George was already up and opening the door, gesturing for Andi and Luke to go outside. Andi nodded at Norris, who lifted her chin. For them, it was practically heartwarming. “Chief.” George did his own chin-lifting, which got him a “Detective Donovan” in return. They left the chief’s office and marched through the bullpen to the back door, behind which a small corridor with several conference rooms was located. George took the first one, shutting the door firmly once all three of them were inside.
Luke sauntered to the table and put his messenger bag down before pulling out a thick file. Thick files were never good. The silverfish in the room informed Andi that Luke was still in a battle with his nail fungus, the sharp profile of the polish he used as much a part of him as the unique shape he presented through the legs of the spiders in the corner and the pheromone picture the dying moth at the ceiling provided. For Andi, it was as if Gelman’s body, the solid thing he could see with his own—very mediocre—eyes, was over-layered with versions of him that were at the same time more accurate and yet a lot blurrier than what Andi’s human senses provided.
George stepped next to him. His profile so familiar, Andi immediately relaxed. His partner braced himself on the backrest of one of the chairs. “What have you got for us?”
Luke opened the file, his body language just hesitant enough to make Andi look closer. There was a spike in his pheromones. Something wasn’t quite right, not inherently wrong either, for that Luke was too calm.
“Well, the more correct question will probably be, what have you got for us?”
George cocked his head. “Are we playing twenty questions?”
“No. I’m just not entirely sure how to present the facts to you because I’m not entirely sure what the facts are.”

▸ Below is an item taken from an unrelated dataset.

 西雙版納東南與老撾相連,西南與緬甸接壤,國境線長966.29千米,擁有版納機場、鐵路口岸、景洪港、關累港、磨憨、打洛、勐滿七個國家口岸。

“How about you just hit us with whatever you think you got, and we’ll go from there?” His partner, always the diplomat.
“Fine. If you ask the chief of the Spartanburg Police Department, Timothy Savalle, he’ll tell you that there is no case whatsoever. That it’s all just a string of freaky coincidences.”
“By the tone of your voice, I assume there are people who do not share the chief’s view?” Andi always marveled at how good George was with words.

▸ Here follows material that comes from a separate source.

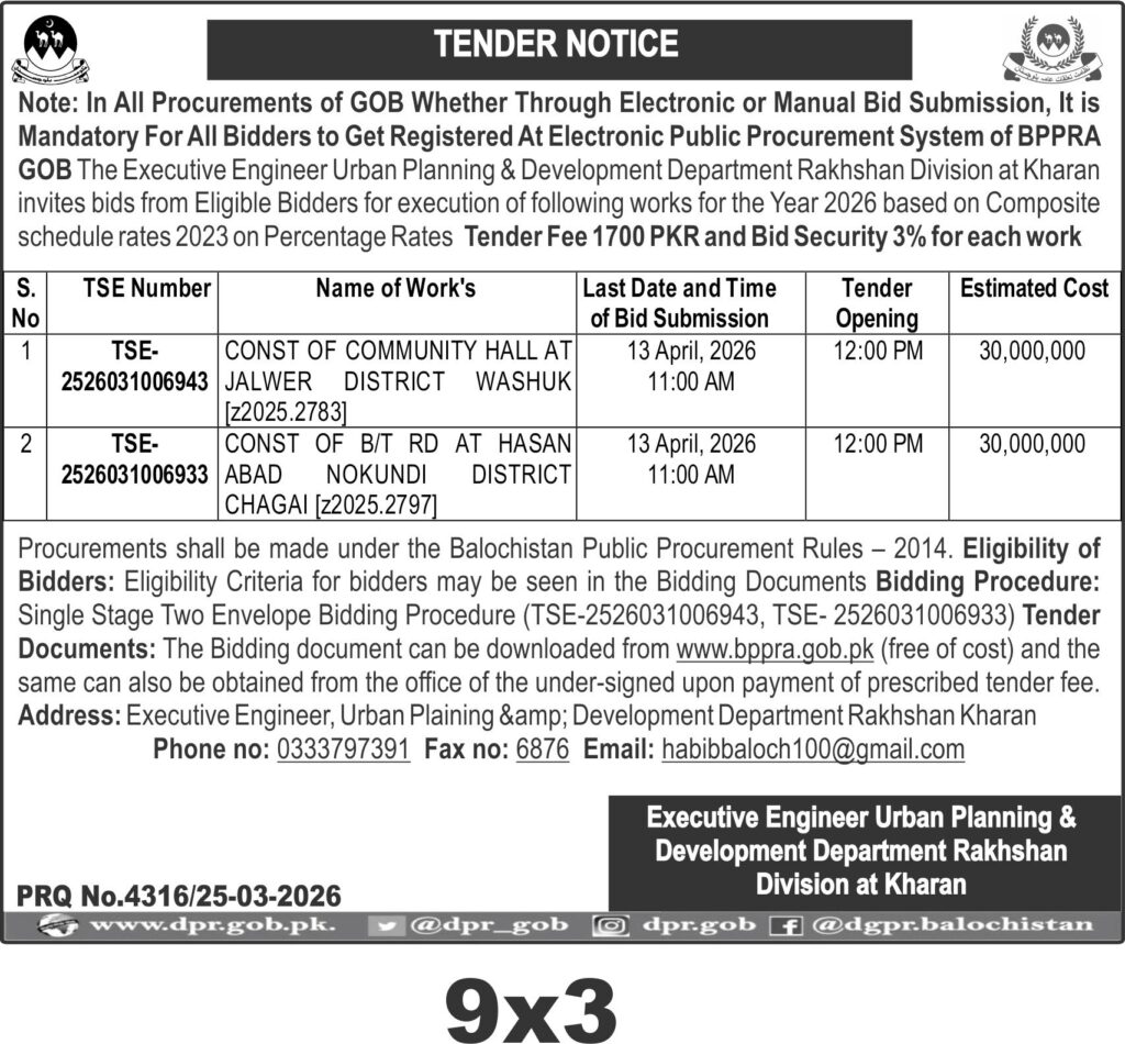 The submission deadline is set for 13 April 2026 at 11:00 AM, with tender opening at 12:00 PM on the same day. Bids must be submitted physically to the office of the Executive Engineer Urban Planning and Development Department Rakhshan Division at Kharan. Interested bidders should ensure timely delivery to avoid disqualification.

“Well, there is one FBI agent, Susannah DeCapristo, who very loudly insists that there is no such thing as a coincidence.”
“She’s probably right.”
“Not necessarily.” Luke selected a paper from the file. “We’re looking at nine possible murders, starting last year in April.”
“You think that because…” George tried to be patient, but Andi could read it in the tension of his muscles as well as in the tiny electric shocks that said tension sent through the room, unnoticed by the humans but like lightning for the pill bugs under the skirting.